On Thu, Jun 25, 2015 at 3:57 PM, H.J. Lu <hjl.tools@gmail.com> wrote:
> On Thu, Jun 25, 2015 at 1:09 PM, H.J. Lu <hjl.tools@gmail.com> wrote:
>> On Tue, Jun 23, 2015 at 11:41 AM, Richard Sandiford
>> <rdsandiford@googlemail.com> wrote:
>>> [A fair bit later than promised, sorry...]
>>>
>>> Mikhail posted a patch to make genflags generate the default HAVE_foo
>>> and gen_foo definitions that have recently been added to defaults.h:
>>>
>>>   https://gcc.gnu.org/ml/gcc-patches/2015-06/msg00723.html
>>>
>>> I agree it'd be a good idea to generate this kind of thing automatically,
>>> but I think we should take the opportunity to move the interface to the
>>> target structure.  I.e.:
>>>
>>>   HAVE_foo -> targetm.have_foo ()
>>>   gen_foo -> targetm.gen_foo ()
>>>
>>> This should move us closer to the pipedream goal of supporting multiple
>>> targets at once.  It should also mean that only the target code depends
>>> on insn-flags.h.
>>>
>>> The patch just moves return and simple_return as an example.  I have more
>>> locally (in order to test other code paths), but they're just an obvious
>>> extension of this one.
>>>
>>> The patch relies on the hashing changes in:
>>>
>>>   https://gcc.gnu.org/ml/gcc-patches/2015-06/msg01066.html
>>>   https://gcc.gnu.org/ml/gcc-patches/2015-06/msg01564.html
>>>
>>> and on this trivial patch:
>>>
>>>   https://gcc.gnu.org/ml/gcc-patches/2015-06/msg01604.html
>>>
>>> It seems a bit heavyweight when you just look at these two instructions,
>>> but I think it'll be a saving in the end.
>>>
>>> Bootstrapped & regression-tested on x86_64-linux-gnu.  Also tested
>>> via config-list.mk.  OK to install?
>>>
>>> Thanks,
>>> Richard
>>>
>>>
>>> gcc/
>>>         * Makefile.in (TARGET_DEF): Add target-insns.def.

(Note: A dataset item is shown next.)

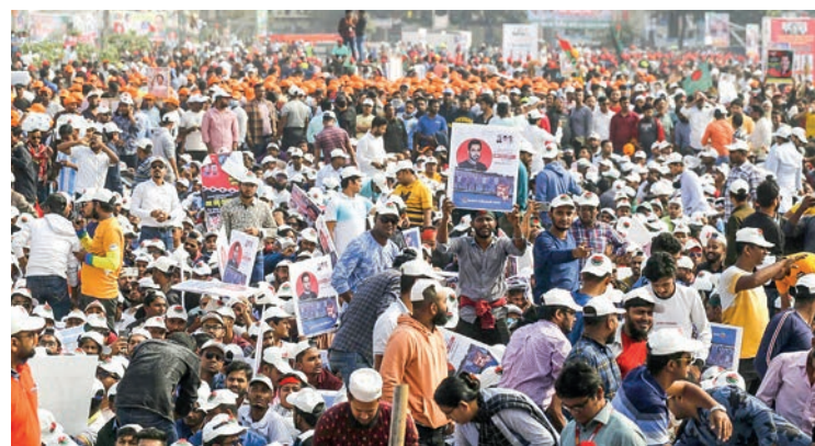
Supporters of the opposition Bangladesh Nationalist Party a huge rally in Dhaka on 10 Dec to press for a snap poll.

A spokesman for Jamaat — the country's third-largest political party, which has been banned from contesting elections since 2012 — condemned the 64-year-old's arrest, saying it was intend-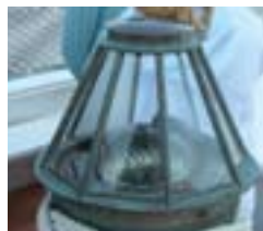
Ship's compass on the Schooner Lannon

>>>         (.PRECIOUS, simple_rtl_generated_h): Add insn-target-def.h.
>>>         (build/gentarget-def.o): New rule.
>>>         (genprogrtl): Add target-def.
>>>         * target-insns.def, gentarget-def.c: New files.

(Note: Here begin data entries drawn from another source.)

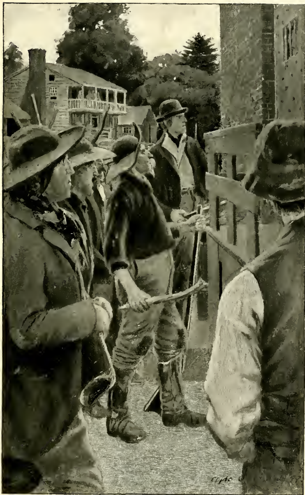
"WE'LL BU'S' THE DO' OPEN"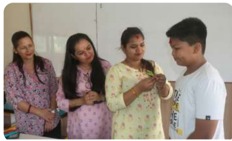
Student receiving Tika and Jamara.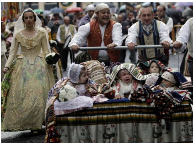
Note the crying-baby bottom left and the child with the 'dummy' in her mouth, bottom right!

>>>         * target.def: Add targetm.have_* and targetm.gen_* hooks,
>>>         based on the contents of target-insns.def.

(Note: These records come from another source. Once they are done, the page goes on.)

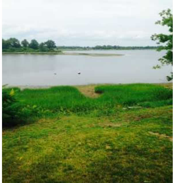
V-06 Green Street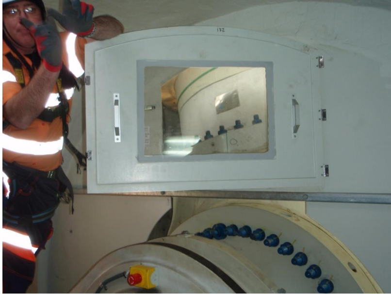
Figure 8- Access door from the Nacelle to the Hub. Note shaft connection underneath access door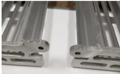
Quick-Connect Pins can replace any bolt in a Roll-A-Ramp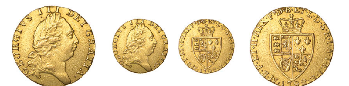
134 Guinea, 1792, fifth bust (EGC 720; S 3729). Traces of mounting on edge, otherwise very fine

>>>         * defaults.h (HAVE_simple_return, gen_simple_return): Delete.
>>>         (HAVE_return, gen_return): Delete.
>>>         * target-def.h: Include insn-target-def.h.
>>>         * cfgrtl.c (force_nonfallthru_and_redirect): Use targetm interface
>>>         instead of direct calls.  Rely on them to do the appropriate assertions.
>>>         * function.c (gen_return_pattern): Likewise.  Return an rtx_insn *.
>>>         (convert_jumps_to_returns): Use targetm interface instead of
>>>         direct calls.
>>>         (thread_prologue_and_epilogue_insns): Likewise.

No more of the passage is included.